----- Data segment
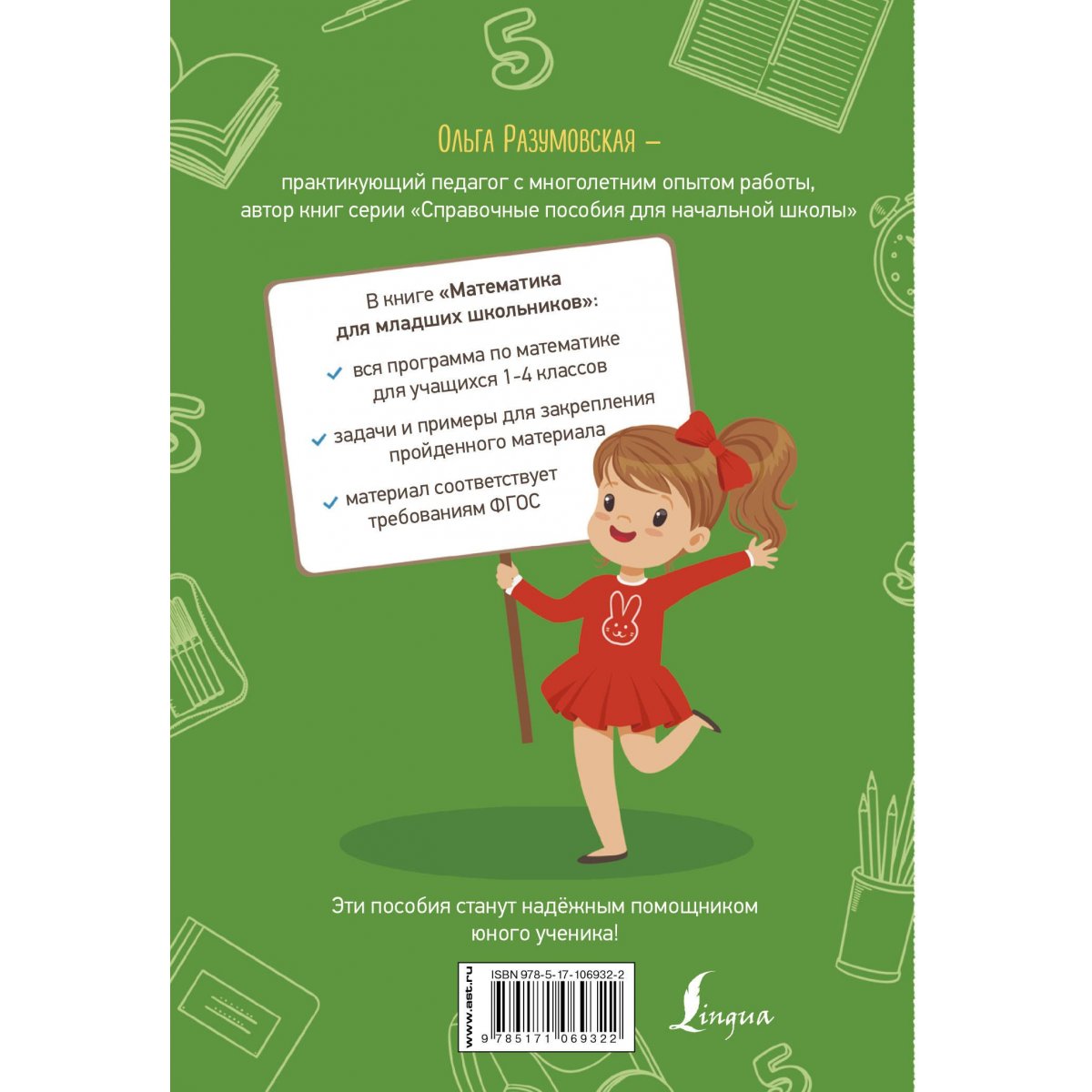 ?В книгу вошли все основные темы по математике, изучаемые в начальной школе: "Числа и цифры", "Арифметические действия", "Единицы измерения", "Скорость. Время. Расстояние", "Геометрические понятия" и другие. На отработку каждой темы дается множество примеров, веселых задач и увлекательных заданий. Материал составлен в соответствии с программой начальной школы и требованиями ФГОС.Пособие предназначено для младших школьников, а также станет хорошим помощником родителям, которые занимаются с детьми дома.
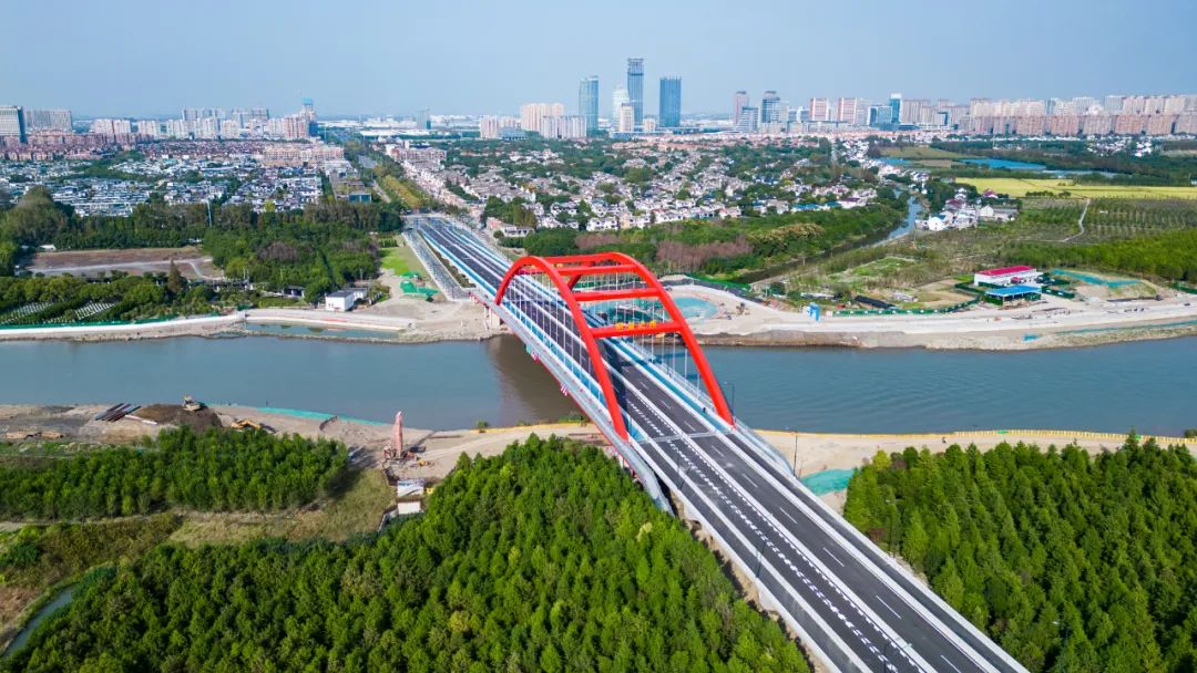 南起上海市青浦区胜利路,跨过吴淞江航道后,北至江苏省昆山市香榭丽大道,全长0.851公里。主桥吴淞江特大桥全长154.2米,桥梁总宽33.9米,全桥用钢量2800吨,拱肋与系梁之间采用34根吊杆连接,桥面由144片混凝土预制板拼接而成。作为南北向融合发展轴的重要节点,这座桥梁串联昆山花桥与上海青浦城区以及嘉定安亭,为两岸居民提供方便的同时,也将进一步推动长三角高质量一体化发展。
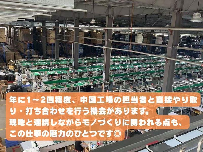 求めている人材 【必須スキル】 ・普通自動車免許(AT限定可) ・中国語(ビジネスレベル/読み書き・会話) ・基本的なPCスキル(Excel・Word・メール対応) ・社内外との調整やコミュニケーションに抵抗がない方 【歓迎スキル】 ・海外工場との生産管理または品質管理の経験 ・社内外の納期調整・進捗管理の実務経験 【歓迎するご経験】 ・営業 ・貿易事務/輸出入管理 ・生産管理/購買管理 ・商品企画・商品開発 ・品質管理/品質保証 ・プロジェクトコーディネーター ・工程改善(IE) など 「語学力 × 調整力 × ものづくり」のご経験をお持ちの方は、 即戦力としてご活躍いただけるポジションです。 また、経験の有無にかかわらず、 ものづくりに関わりたいという意欲を何より重視しています。 これまでのご経験と、これから挑戦したいことを、ぜひお聞かせください。
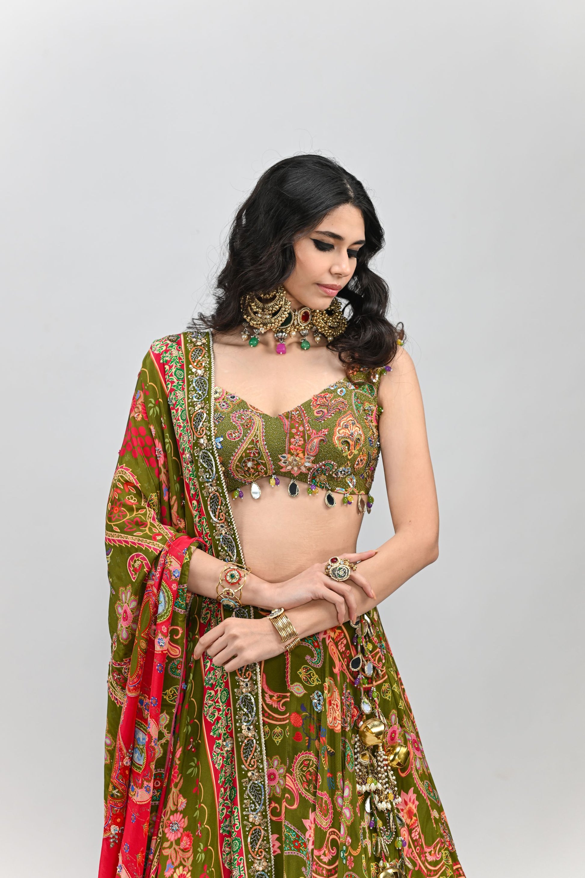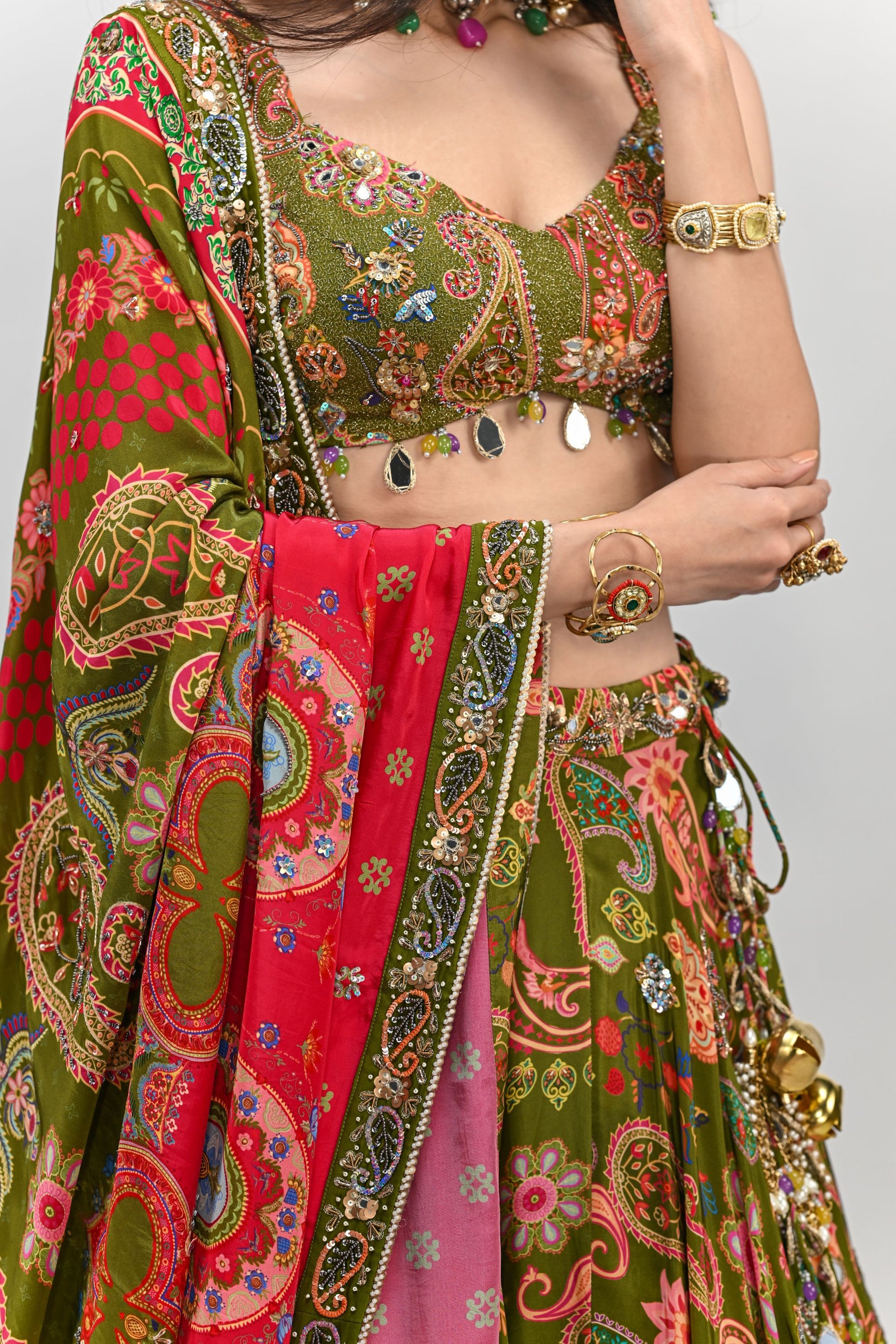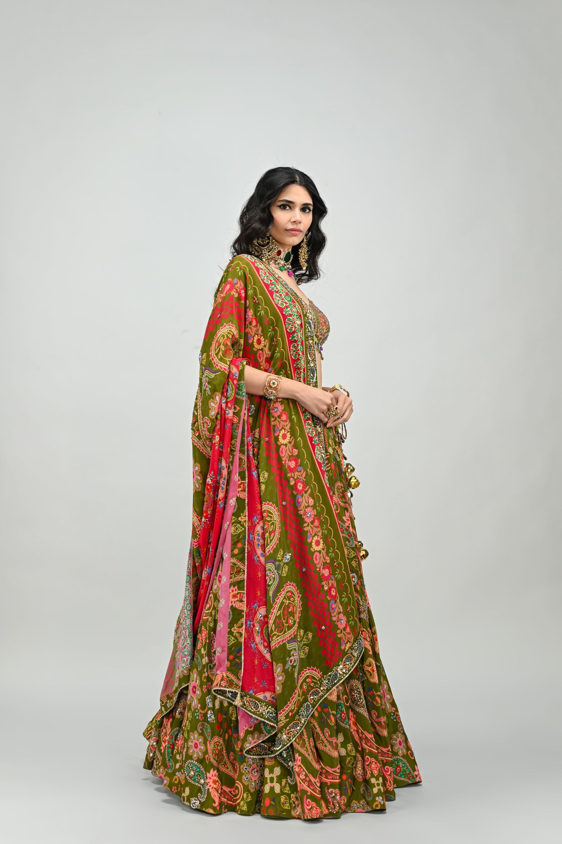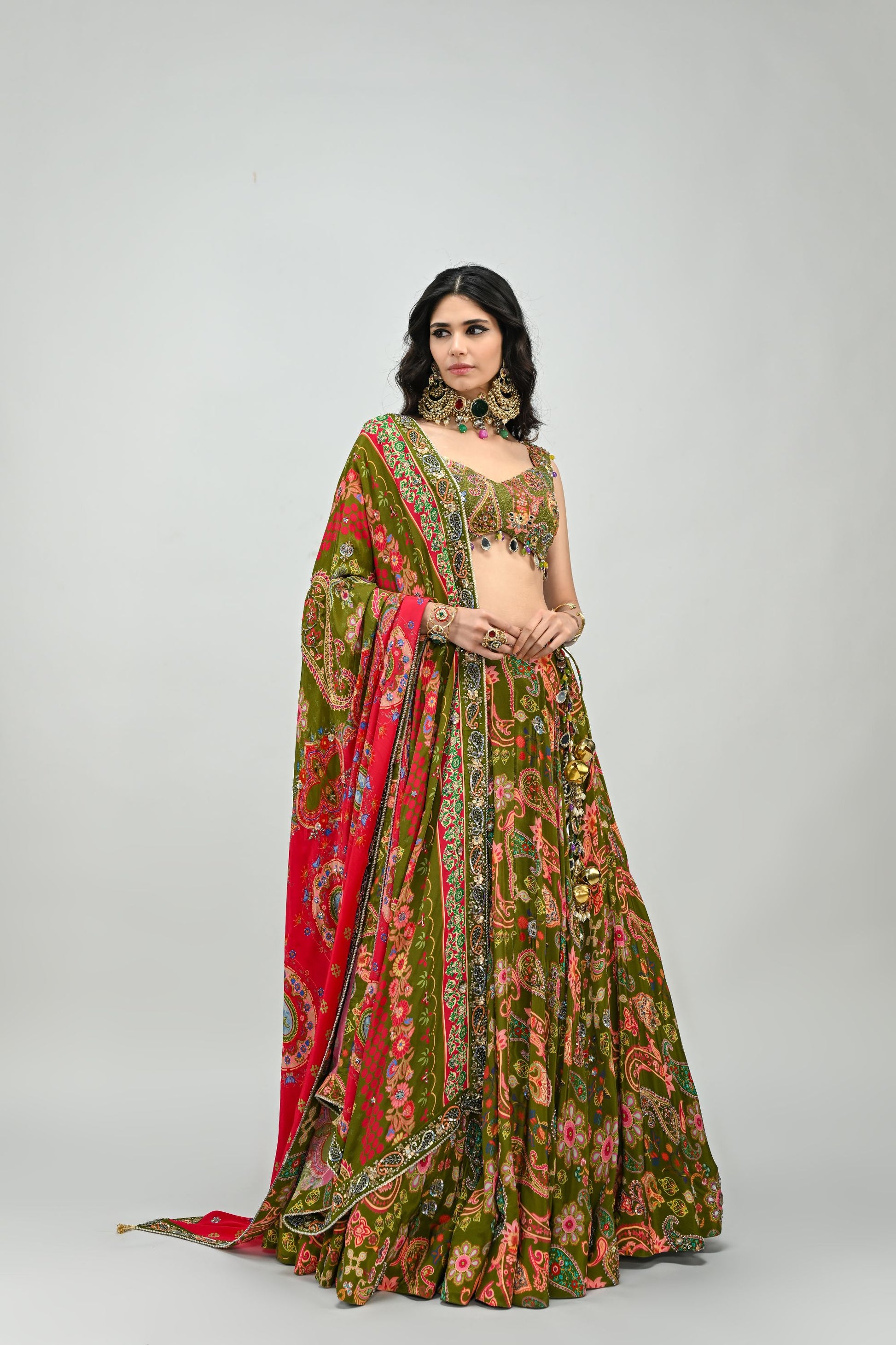 OLIVE HIGHLIGHTED LEHENGA PAIRED WITH BADLA EMBROIDERED OLIVE BLOUSE AND DUAL PRINT HIGHLIGHTED DUPATTA
----------
• **What to do**:
Write out every line above again exactly, with the pictures left out.

• **Task output**:
 ?В книгу вошли все основные темы по математике, изучаемые в начальной школе: "Числа и цифры", "Арифметические действия", "Единицы измерения", "Скорость. Время. Расстояние", "Геометрические понятия" и другие. На отработку каждой темы дается множество примеров, веселых задач и увлекательных заданий. Материал составлен в соответствии с программой начальной школы и требованиями ФГОС.Пособие предназначено для младших школьников, а также станет хорошим помощником родителям, которые занимаются с детьми дома.
 南起上海市青浦区胜利路,跨过吴淞江航道后,北至江苏省昆山市香榭丽大道,全长0.851公里。主桥吴淞江特大桥全长154.2米,桥梁总宽33.9米,全桥用钢量2800吨,拱肋与系梁之间采用34根吊杆连接,桥面由144片混凝土预制板拼接而成。作为南北向融合发展轴的重要节点,这座桥梁串联昆山花桥与上海青浦城区以及嘉定安亭,为两岸居民提供方便的同时,也将进一步推动长三角高质量一体化发展。
 求めている人材 【必須スキル】 ・普通自動車免許(AT限定可) ・中国語(ビジネスレベル/読み書き・会話) ・基本的なPCスキル(Excel・Word・メール対応) ・社内外との調整やコミュニケーションに抵抗がない方 【歓迎スキル】 ・海外工場との生産管理または品質管理の経験 ・社内外の納期調整・進捗管理の実務経験 【歓迎するご経験】 ・営業 ・貿易事務/輸出入管理 ・生産管理/購買管理 ・商品企画・商品開発 ・品質管理/品質保証 ・プロジェクトコーディネーター ・工程改善(IE) など 「語学力 × 調整力 × ものづくり」のご経験をお持ちの方は、 即戦力としてご活躍いただけるポジションです。 また、経験の有無にかかわらず、 ものづくりに関わりたいという意欲を何より重視しています。 これまでのご経験と、これから挑戦したいことを、ぜひお聞かせください。
 OLIVE HIGHLIGHTED LEHENGA PAIRED WITH BADLA EMBROIDERED OLIVE BLOUSE AND DUAL PRINT HIGHLIGHTED DUPATTA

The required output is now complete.